In related embodiments, the implant may include an anchor. The anchor may be a keel, peg, nub, and/or rod. The implant may include a bearing surface component for receiving a femoral condyle. The bearing surface component may include ceramic(s), metal(s), polymer(s) and/or ceramic-metal composite(s). The polymer may include UHMWPE. The bearing surface may be at least partially derived from patient-specific data of a tibial plateau including subchondral bone, cortical bone, normal and/or diseased cartilage, one or more femoral condyles including subchondral bone, cortical bone, normal and/or diseased cartilage. The patient-specific data may be obtained from an image of a femoral condyle or a tibial plateau or a first or an opposing second articular surface. The body may include polymer(s), ceramic(s), metal(s) and/or ceramic-metal composite(s). The contour of the outer edge may be derived from patient-specific data. The patient-specific data may be obtained from an image of a proximal tibial end. The implant may have a thickness of about 3 to 15 mm. The method may further include obtaining an image of at least a portion of the tibial plateau, and deriving the outer edge of the implant based, at least in part, on the image. The inner edge of the implant may be adapted to span across the tibial plateau. The undersurface of the implant may be flat or curved. The undersurface and/or the top surface of the implant may be at an angle other than 90 degrees relative to the sagittal or coronal axis of the tibia or the biomechanical axis.

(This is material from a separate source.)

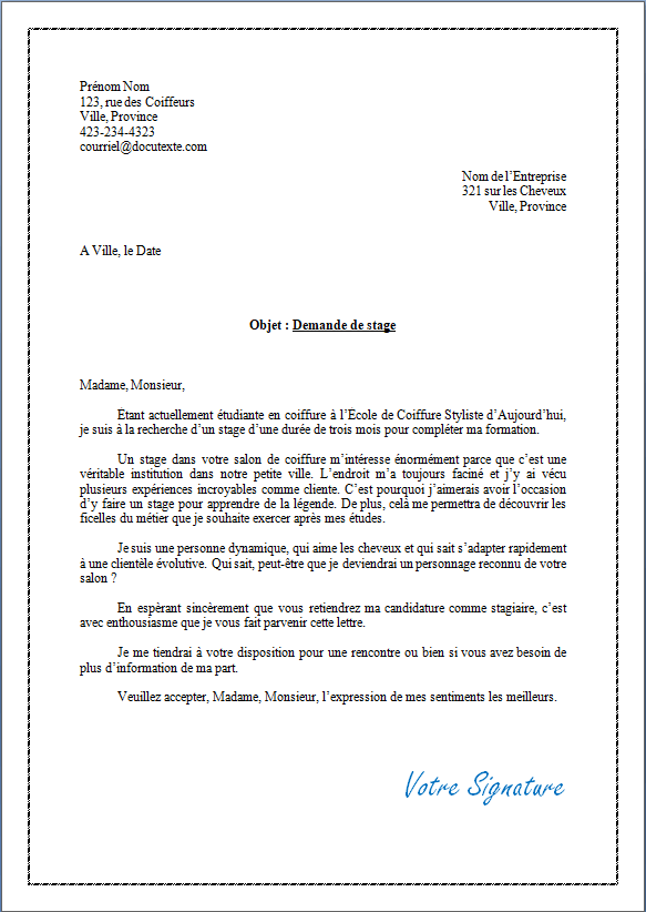 Modèle et exemple de lettre de demande de stage pour coiffeuse, coiffeur, pour un salon de coiffure.

In accordance with another embodiment, the implant may include a body having a bearing surface, a tibial interface, an inner edge, and an outer edge that substantially matches the contour of the outer edge of a patient's tibial plateau.
Any implant, e.g. in a knee, hip, shoulder or other joint, may be made of a single material, e.g. polyethylene. The implant may also be made using two materials, e.g. a metal backing and a polyethylene insert. The polyethylene insert may be locked inside the metal backing using standard locking mechanisms as are known in the art.

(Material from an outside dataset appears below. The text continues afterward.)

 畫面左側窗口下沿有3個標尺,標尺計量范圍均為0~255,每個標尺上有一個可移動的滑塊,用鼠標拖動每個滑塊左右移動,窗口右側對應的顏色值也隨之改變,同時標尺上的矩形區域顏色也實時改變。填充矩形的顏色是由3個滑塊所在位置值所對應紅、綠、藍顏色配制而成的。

In accordance with related embodiments, the implant may include an anchor for securing the implant. The anchor may be a keel, peg, nub, and/or rod. Portions of the implants, e.g. the pegs or keel or portions of the bone facing surface may be porous coated. The undersurface of the implant may include cement pockets. The cement pockets may be open at the external margin of the implant to interface with the endosteal bone of the cut tibial plateau or the cut surface along a potential vertical cut, when used. The implant may further include a bearing surface component for receiving a femoral condyle. The bearing surface component may include a ceramic(s), metal(s), polymer(s) and/or ceramic-metal composite(s). The polymer may include UHMWPE. The bearing surface may be at least partially derived from patient-specific data of a femoral condyle or a tibial plateau or it may reflect the shape or be a mirror image of aspects of the external geometry of the femoral bearing surface, e.g. in different flexion or extension angles. The patient-specific data may be obtained from an image of a femoral condyle or a tibial plateau. The body may include polymer(s), ceramic(s), metal(s) and/or ceramic-metal composite(s). The contour of the outer edge may be derived from patient-specific data. The patient-specific data may be obtained from an image of a proximal tibial end. The outer periphery of the tibial interface may be adapted to substantially rest on cortical bone. The implant may have a thickness of about 3 to 15 mm.
In accordance with another embodiment, the contour of the outer edge of the implant may be derived from patient-specific data. The patient-specific data may be obtained from an image of a proximal tibial end. The contour of the outer edge of the implant may be derived from an axial or near-axial cross-sectional image, a sagittal or near-sagittal cross-sectional image, a coronal or near coronal cross-sectional image, or any other cross-sectional image of the proximal tibia. Alternatively, the contour of the outer edge of the implant may be determined by creating a virtual model of the proximal tibia and performing a virtual cut on the model. The virtual cut performed on the virtual model may take into account one or more mechanical or anatomical axes of the knee.
Since the implant will be edge matched, the external contour of the implant can be convex, but it can also include concave portions. For example, in a hip joint, concave shapes can be integrated in the external contour of the device in order to achieve near 100% congruency with the shape of the acetabular rim.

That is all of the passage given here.